Problem requirements -
Set the listing down again in full, word for word, with the pictures left out.
Start of Given material
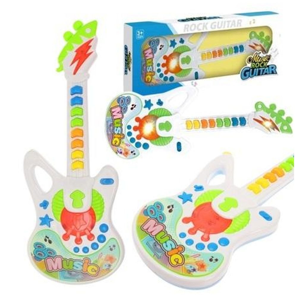 Instrument oferuje różnorodność melodii, co pozwala dziecku eksperymentować i odkrywać różne brzmienia. To świetny sposób na rozwijanie słuchu muzycznego. Podczas korzystania z gitary, dzieci doświadczają nie tylko różnorodnych dźwięków, ale także fascynujących efektów świetlnych! To element, który dodaje dodatkowej atrakcyjności instrumentowi.
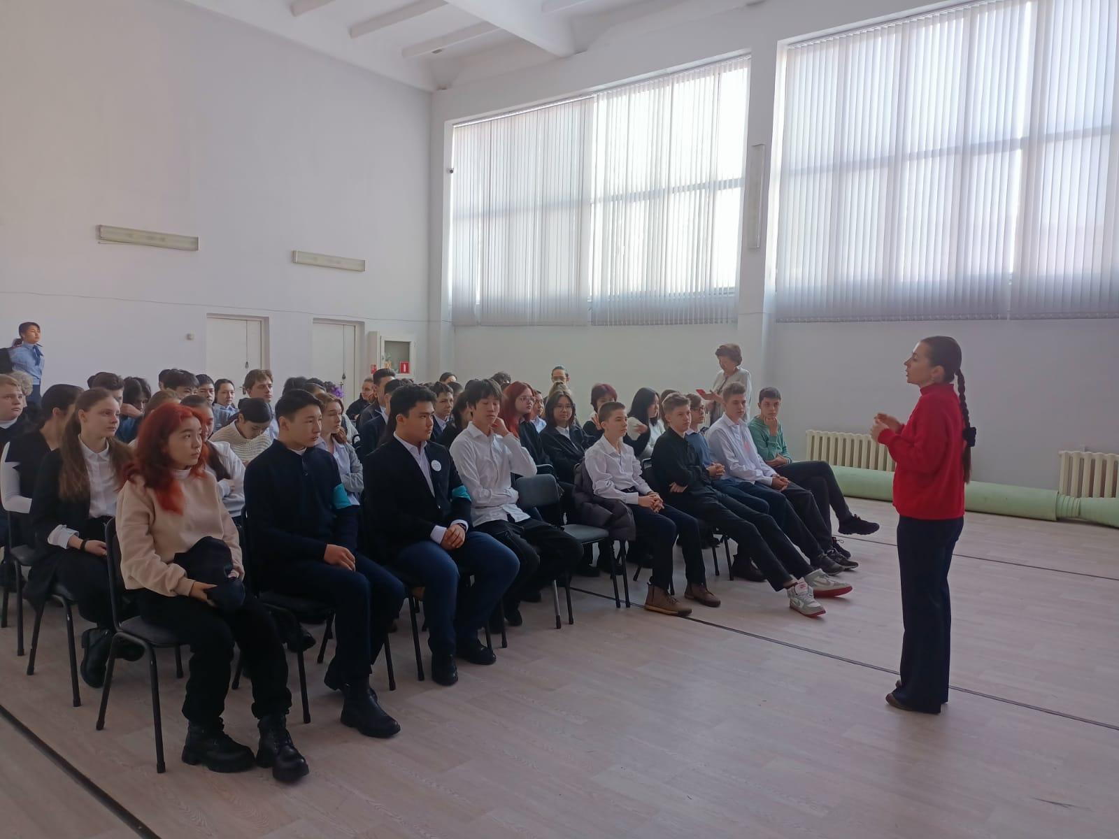 Мектебіміздің 9-10 сынып оқушыларына нарколог А. А. Трубникова "Жасөспірімдер арасындағы темекі шегудің зияны және оның алдын алу шаралары" туралы түсіндіру жұмыстарын жүргізді.
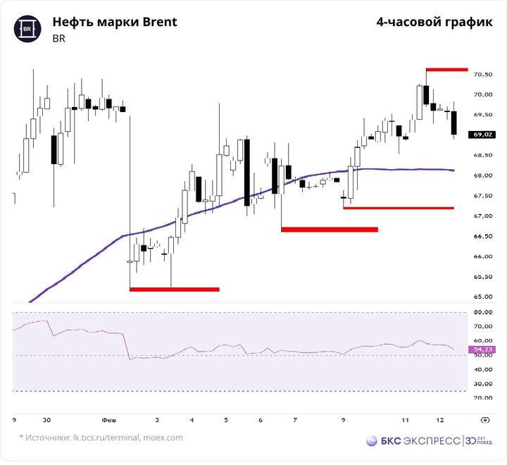 Котировки реализовали пробой отметки $69,76 для продолжения роста. Пока нет слома поддержки $ 66,56, дневная структура на стороне покупателей. Сохраняется потенциал для роста в зоны: 1) $71,21–71,57 2) $73,06–73,65.
End of Given material
Answer to this problem -
 Instrument oferuje różnorodność melodii, co pozwala dziecku eksperymentować i odkrywać różne brzmienia. To świetny sposób na rozwijanie słuchu muzycznego. Podczas korzystania z gitary, dzieci doświadczają nie tylko różnorodnych dźwięków, ale także fascynujących efektów świetlnych! To element, który dodaje dodatkowej atrakcyjności instrumentowi.
 Мектебіміздің 9-10 сынып оқушыларына нарколог А. А. Трубникова "Жасөспірімдер арасындағы темекі шегудің зияны және оның алдын алу шаралары" туралы түсіндіру жұмыстарын жүргізді.
 Котировки реализовали пробой отметки $69,76 для продолжения роста. Пока нет слома поддержки $ 66,56, дневная структура на стороне покупателей. Сохраняется потенциал для роста в зоны: 1) $71,21–71,57 2) $73,06–73,65.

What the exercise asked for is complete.